Hah. Here's a tip fer ya: Stick with Renaissance and early Baroque music. Broken consorts don't do vibrato.

No no, effusive thanks are unnecessary.


----------



## Ingélou

Hilltroll72 said:


> No no, effusive thanks are unnecessary.


Unnecessary, maybe, Hilltroll, but you & I both know that you'd like them!


----------



## ComposerOfAvantGarde

Trying to remember what my violin teacher taught me all those years ago....

I think there was this one exericise where he asked me to put my third finger on any string in first position and play a long note, at half way through the note keep the third finger on the string and try to knock the tuning pegs with your first finger. Then on the next bow, do that twice, on the one after, four times and getting faster. I can't remember exactly though. I might not be of any help at all for all I know...

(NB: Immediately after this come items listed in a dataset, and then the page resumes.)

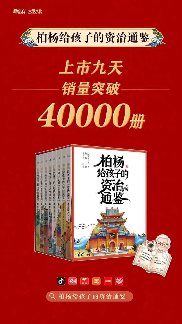 近日,由知名思想家柏杨先生的夫人郭张香华女士授权改编、新东方大愚文化重磅出品的《柏杨给孩子的〈资治通鉴〉》,自上市以来便迅速在童书市场掀起一股“历史热”,短短九天,销量即突破四万册。在碎片化阅读盛行、电子屏幕日益占据儿童注意力的当下,这套厚重的历史读物为何能逆势出圈,迅速俘获家长与孩子的心?其热销背后,生动演绎了一场历史经典与时代需求的“双向奔赴”,不仅折射出国内家庭对“深度阅读”回归的迫切渴望,更让历史智慧在孩子眼中焕发了新的生机。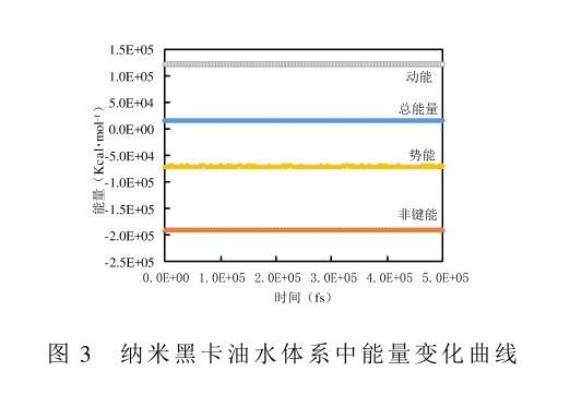 采用粒子-粒子-粒子-網格(PPPM)求解方法求解長程庫倫相互作用力。運用Polak-ribiere共軛梯度(CG)算法最小化能量,消除構型重疊。系統溫度為298 K,壓力為1 atm,系統在等溫-等壓系綜(NPT)下進行弛豫,對體系進行壓縮,使模型達到實際密度狀態。使用Nosé-hoover恒溫器控制體系溫度,時間步長1 fs,運行1 ns。然后保持系統體積不變,設置相同的時間步長和時間總長運行正則系綜(NVT)來穩定體系,以確保體系的密度不變。最后,收集體系平衡后0.5 ns范圍內的數據,得到統計平均值。應該注意的是,在每個階段運行更長時間并不會對模擬結果產生明顯的變化。模擬中水相和油相的平均密度分別為(0.989±0.008)和(0.728±0.002)g/cm3,近似實驗值(溫度為298 K、壓力為1 atm時,水和C10H22的密度分別為:0.997和0.730 g/cm3)。模擬結束后,單片納米黑卡在油水界面體系中的能量變化如圖3所示,其他體系能量變化亦有此規律。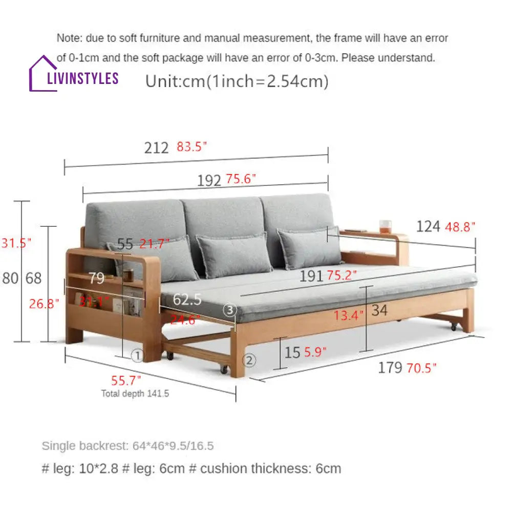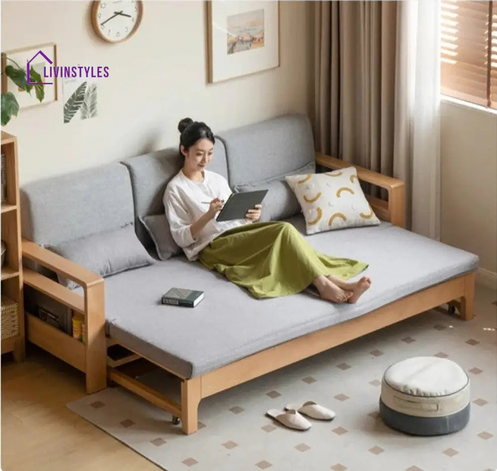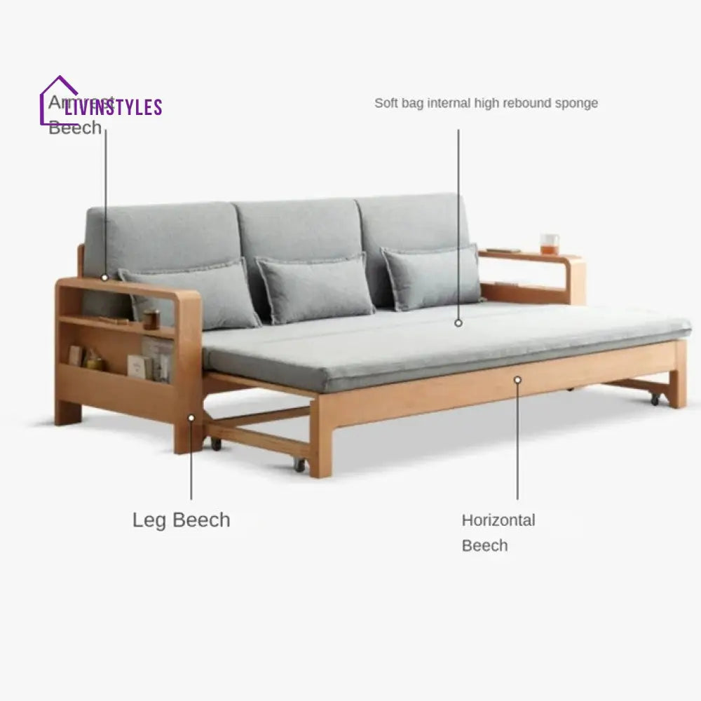 Rayan Solid Wood Sofa Come Bed for Living Room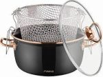- طراحی درب توری: درب فلزی با طراحی توری، امکان تهویه بهتر بخار را فراهم میکند و از پاشش روغن در هنگام سرخ کردن جلوگیری میکند.

My wrist and arm vibrato has always been much better than my finger vibrato. :lol:


----------



## ComposerOfAvantGarde

Also, drink lots of coffee, you will shake so much from the caffeine that your vibrato will be bellissimo!


----------



## tdc

Persistence is the key with vibrato. For me this was a weak area and I went through phases of believing I would never have a decent sounding vibrato because I practiced it so much and did not seem to improve much for a very long time (lets put it this way I practiced for a lot more than ten minutes a day at it for well over 6 months and still didn't feel like I had gained much ground). I seem to have found this technique more difficult than many others I've known for whatever reason. For me it felt like I had to slowly develop non-existent muscles in my arm and wrist before it would start to work. 
But through dedicated and consistent practice I was able to learn to do it well over time.


----------



## Ingélou

Thanks, tdc. That does cheer me a bit. I should be thinking in the long term, but Everest is climbable!


----------



## Ingélou

?????????????


----------



## Ukko

Ingenue said:


> ?????????????


Love _must_ have something to do with learning to play the violin. Maybe _Ryan_ knows specifics. When he returns from purgatory maybe he'll say.


----------



## Ingélou

Hilltroll72 said:


> Hah. Here's a tip fer ya: Stick with Renaissance and early Baroque music. Broken consorts don't do vibrato.
> 
> No no, effusive thanks are unnecessary.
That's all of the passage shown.